Output File Description
vcf/{sample}_{type}.pindel.vep_annotated.filter.pindel.vcf.gz Final annotated and filtered Pindel VCF output
cnv/{sample}/{sample}_{type}.pathology.svdb_query.vcf.gz SVDB merged CNV VCF
cnv/{sample}/{sample}_{type}.pathology.cnv_report.html CNV HTML dynamic report (pathology TC)
cnv/{sample}/{sample}_{type}.purecn.cnv_report.html CNV HTML dynamic report (PureCN TC)

Downstream Consumers

The outputs generated by the CNV callers and the HTML report module are the endpoints of the pipeline.
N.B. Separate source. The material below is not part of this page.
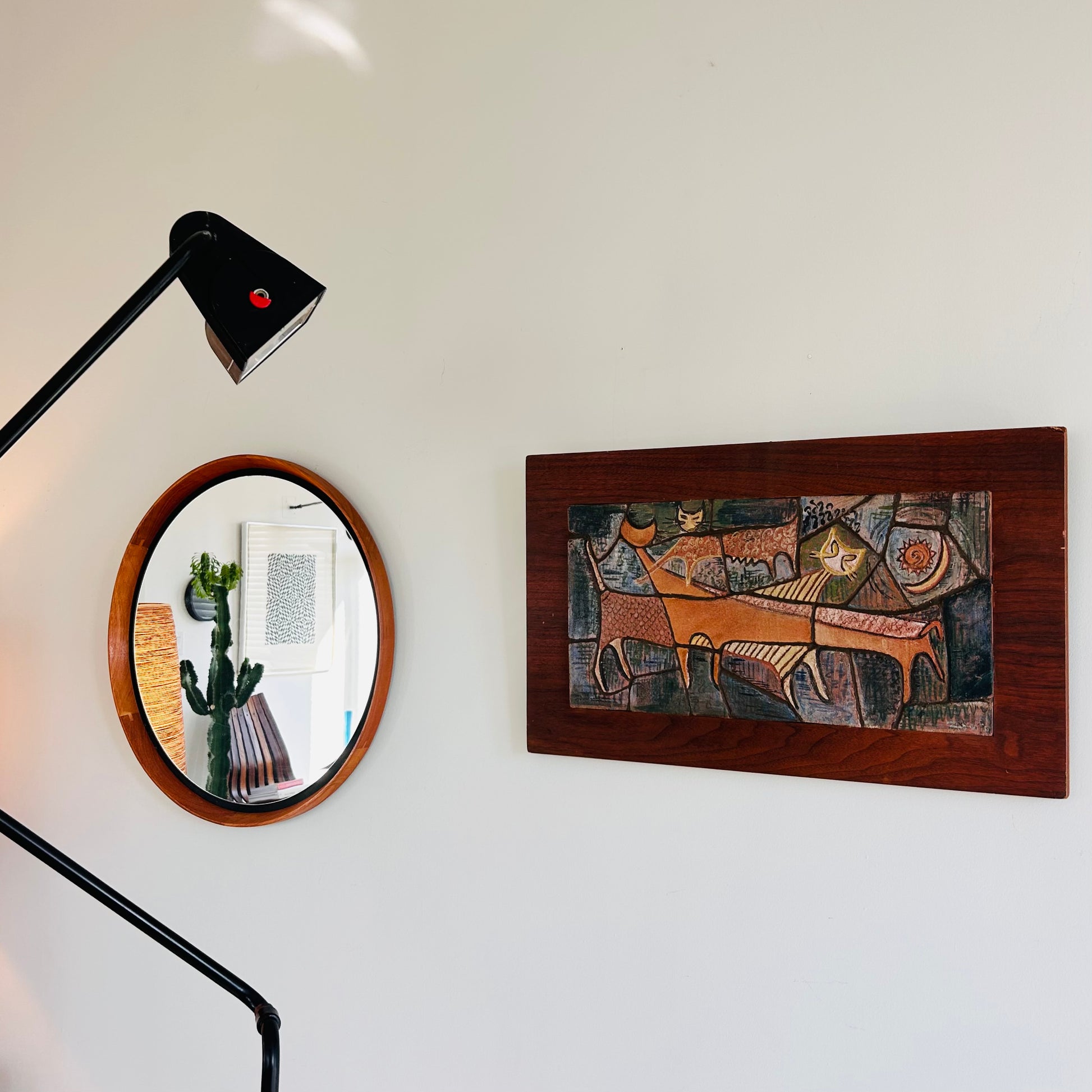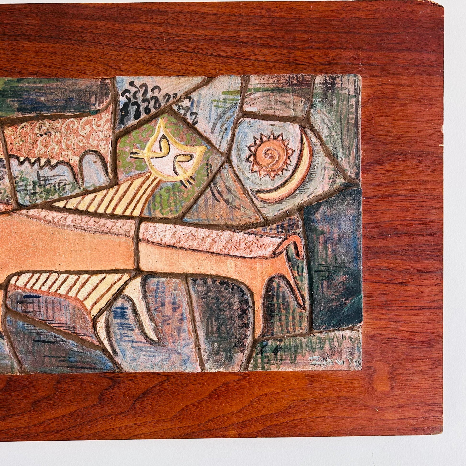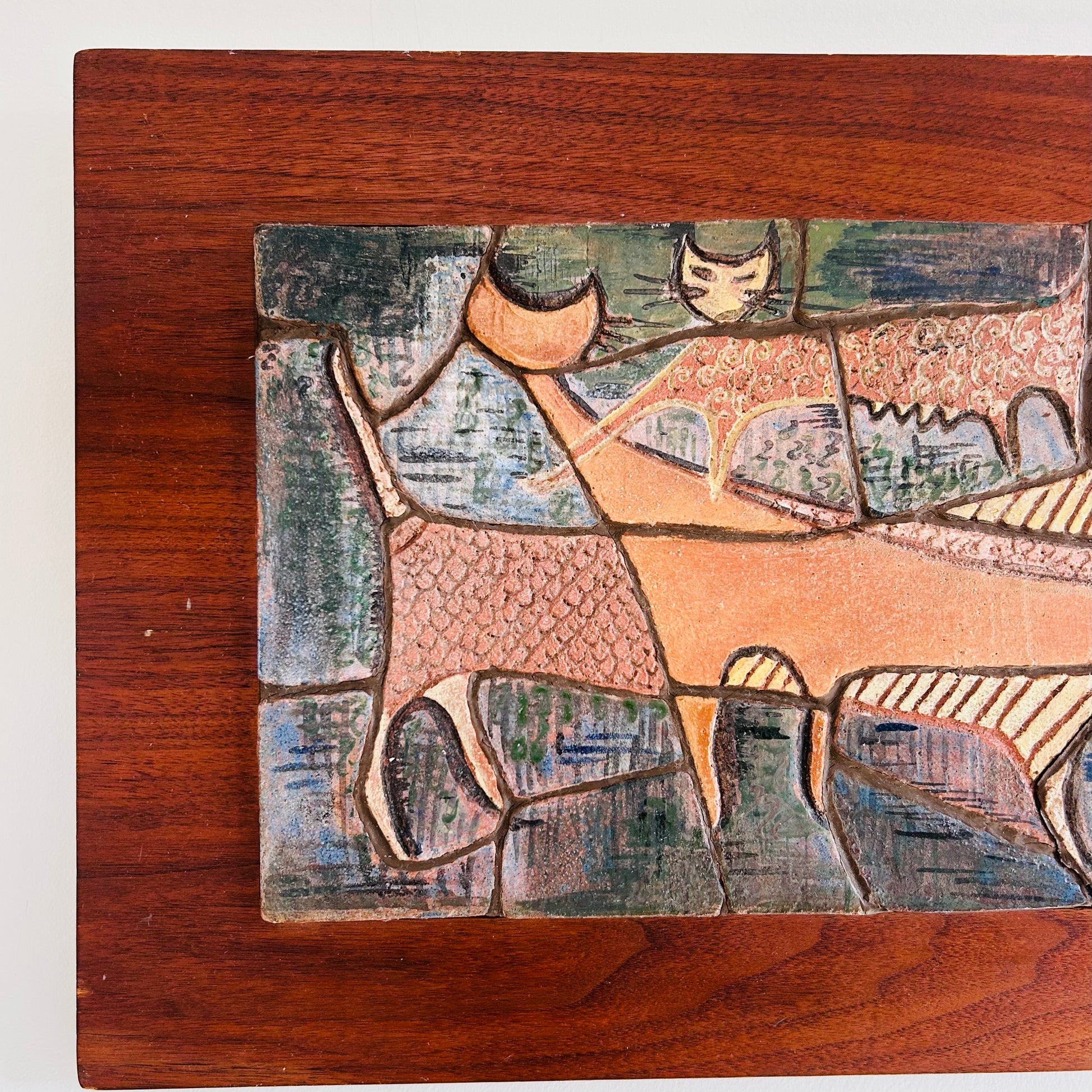 Mounted vintage ceramic relief tile with abstract cats by Anette Zanuta, member of Toronto's Five Potters. 24” x 14” x 1” (outside) 183/4” x 9 1/4” (inside). 1970s, Canada.

They are delivered to clinical geneticists and researchers via the final output repository structure (i.e. to vcf/ and cnv/ folders).


Configuration

The relevant sections in config.yaml governing CNV calling, SVDB merging, Pindel processing, and HTML reports include:

cnvkit_batch:
  container: "docker://hydragenetics/cnvkit:0.9.9"
  normal_reference: "{{REFERENCE_DIRECTORY}}/reference_files/cnvkit.PoN.cnn"
  method: hybrid

gatk_collect_read_counts:
  container: "docker://hydragenetics/gatk4:4.1.9.0"

gatk_denoise_read_counts:
  container: "docker://hydragenetics/gatk4:4.1.9.0"
  normal_reference: "{{REFERENCE_DIRECTORY}}/reference_files/gatk.PoN.hdf5"

purecn:
  container: docker://hydragenetics/purecn:2.2.0
  genome: hg19
  interval_padding: 100
  segmentation_method: internal
  fun_segmentation: PSCBS
  normaldb: "{{REFERENCE_DIRECTORY}}/reference_files/purecn_normal_db.rds"
  intervals: "{{REFERENCE_DIRECTORY}}/reference_files/purecn_targets_intervals.txt"
  mapping_bias_file: "{{REFERENCE_DIRECTORY}}/reference_files/purecn_mapping_bias.rds"
  extra: "--model betabin --post-optimize"

pindel_call:
  container: "docker://hydragenetics/pindel:0.2.5b9"
  extra: "-x 2 -B 60"
  include_bed: "/path/to/twist_shortlist_pindel.bed"

svdb_merge:
  container: docker://hydragenetics/svdb:2.6.0
  tc_method:
    - name: purecn
      cnv_caller:
        - cnvkit
        - gatk
    - name: pathology
      cnv_caller:
        - cnvkit
        - gatk

cnv_html_report:
  cytobands: false
  show_table: true

See the full config.yaml for comprehensive configurations, including references to the filters applied.